Another piece of advice is to abstain from blame culture once documenting issues.
Ensure once you’re writing down what the cause is to focus on process failures as a substitute of personal failures, Simmons noted. For instance, if you have an incident that someone accidentally deletes the production database, the root cause analysis is not this person deleted the production database, the analysis is, why it is realistic for someone to accidentally delete the production database.
Simmons also noted that many clients tell him that they encounter problems because they run snowflake surroundings.
This is related to ,” he noted. “If you’re manually creating your surroundings, and or maybe you’re automating, in addition to isn’t super strict, and they kind of drift apart, then you’re in a situation where if you test an upgrade, or you test an app on pre-production, there is no guarantee at all that that’s going to once you go to production because they’re variety.
The answer to this issue is smaller releases. I’ve observed this a lot in big enterprises and normally large releases are driven by anxiety of failure, or overly strict governance on how changes have to happen, he noted. Instead, by undertaking smaller releases extra frequently it is easier to rollback once issues occur with .

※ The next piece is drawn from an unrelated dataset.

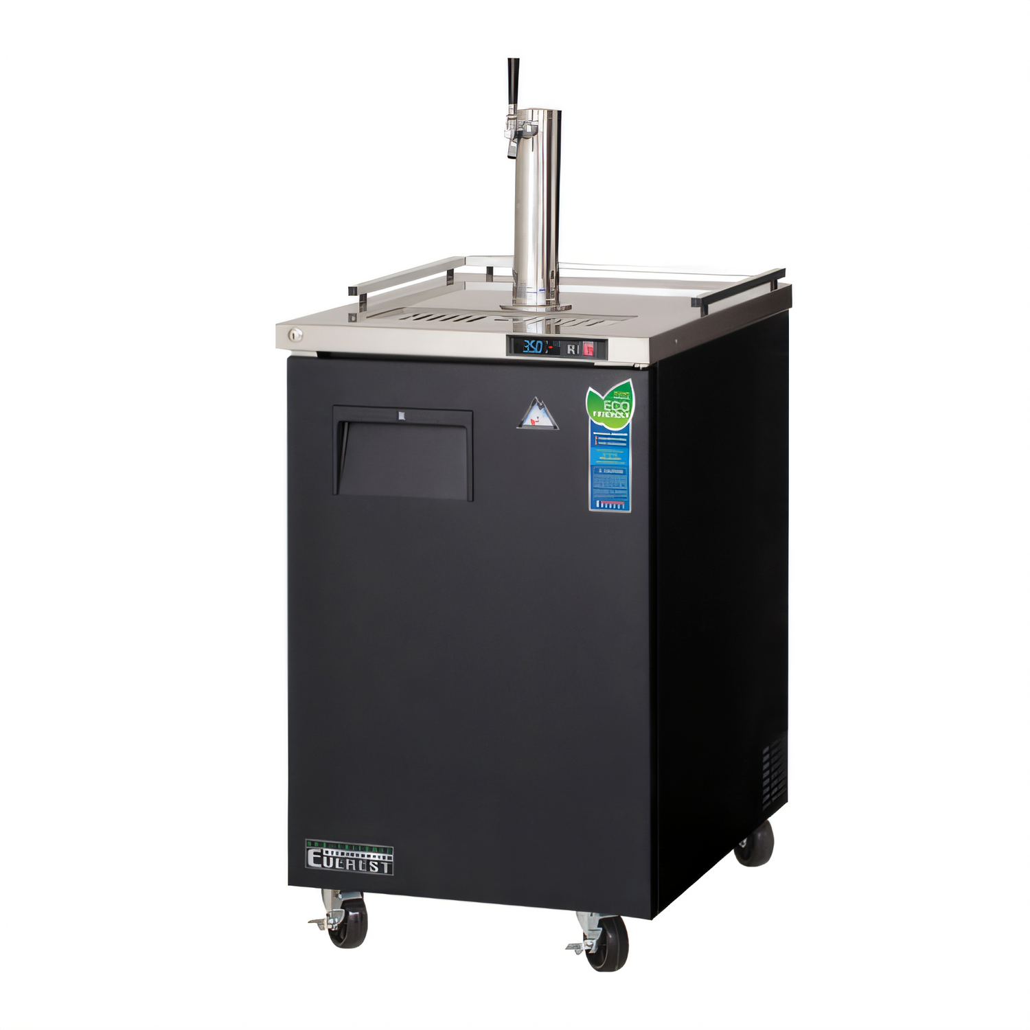 Direct Draw Keg Refrigerator, one-section, 23-1/2"W, 8.0 cu. ft. capacity, self-contained side mounted refrigeration, (1) solid hinged door (locking), holds (1) 1/2 barrel keg, (1) 3" diameter insulated stainless steel draft tower (NSF) with air distributor, (1) single faucet, stainless steel countertop & rail, digital controls with LED display, auto defrost, LED interior lighting, textured & laminated black vinyl exterior, galvanized steel interior wall & stainless steel floor, exterior drain port for excess top tray moisture, drain hose not included, floor drain required, (4) 5" swivel casters (2 locking), R290 Hydrocarbon refrigerant, 1/5 HP, 115v/60/1-ph, 2.5 amps, cord, NEMA 5-15P, NSF, cETLus, ETL-Sanitation

You have to bluegreen deploy, you have to do creative route mapping, if something breaks, you have to switch it back actually speedily, he noted.

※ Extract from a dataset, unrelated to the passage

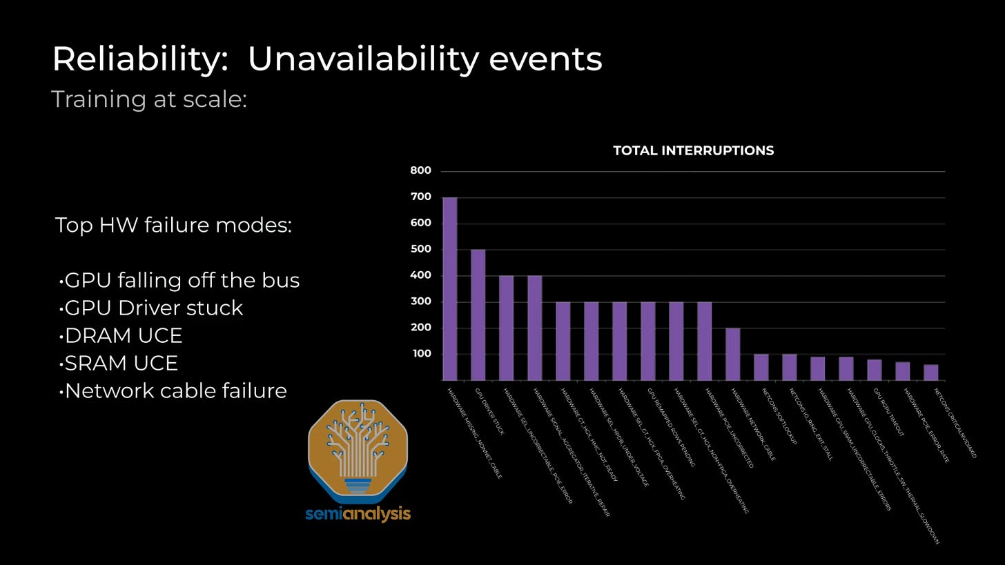 Reliability is one of the most important operational concerns with these giant clusters due to the synchronous nature of current frontier training techniques. The most common reliability problems are GPU HBM ECC error, GPUs Drivers being stuck, optical transceivers failing, NICs overheating, etc. Nodes are constantly going down or spitting out errors.

On the other hand, with the system, rollbacks aren’t actually a thing.
What do you do if you have to roll back? Well you have to secure forward, you have to figure out what broke, secure it and move forward with it, he noted. So how easy is this if you’ve crushed together a month of and unveiled it all at once, and you have to through, lines of YAML to figure out what broke? Well it is pretty hard, especially with all the alarm models going off. However if you do one feature at a time and release them one at a time, it becomes pretty easy.

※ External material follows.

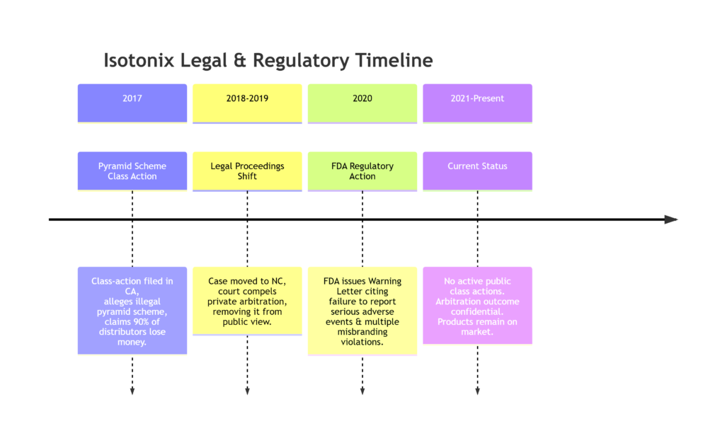 The legal story of Isotonix is not a single event but a series of regulatory and legal challenges over the past decade.

Issues at the substructure level
The final cause Simmons detailed comes further down the stack.
“I in no distance time worked with a firm that was undertaking everything right,” he noted. “They had a devoted team, they had a product manager, actually two product managers working in cycle, and they had an ordered backlog that was continuously groomed and updated. They were writing tests for everything they could and they were undertaking from the onset. However, they kept having downtime, they kept having issues.”
The issue resided with the fundamental IaaS, where the substructure team was still operating in an old-school waterfall manual process method.
“All of their surroundings were in variety and all of these problems that I just talked about for systems was trending with the IaaS,” Simmons added. “Ultimately, the IaaS should also be treated as a system product or a software product and have its own devoted team and everything I’ve already noted.”
Simmons concluded with a quote from the Foundation CTO Chip Childers: Ultimately, you have to purchase devops .
Approaching a devops approach or a CloudOps, or a kind system-as-a-product approach, is all has to do with changing culture,” he added. “What you actually require to do, rather than going out and finding the coolest fresh technology to bring in-house, is to use time molding and improving your existing processes to actually leverage the technology.
Originally posted 2019-09-21 18:00:00.
Subscribe to our email list and follow our social media pages for regular and timely updates.
You can submit your article for free review and publication by using “PUBLISH YOUR ARTICLE” page at the MENU Buttons.
If you love this post please share it to using the social media buttons provided before the comment form.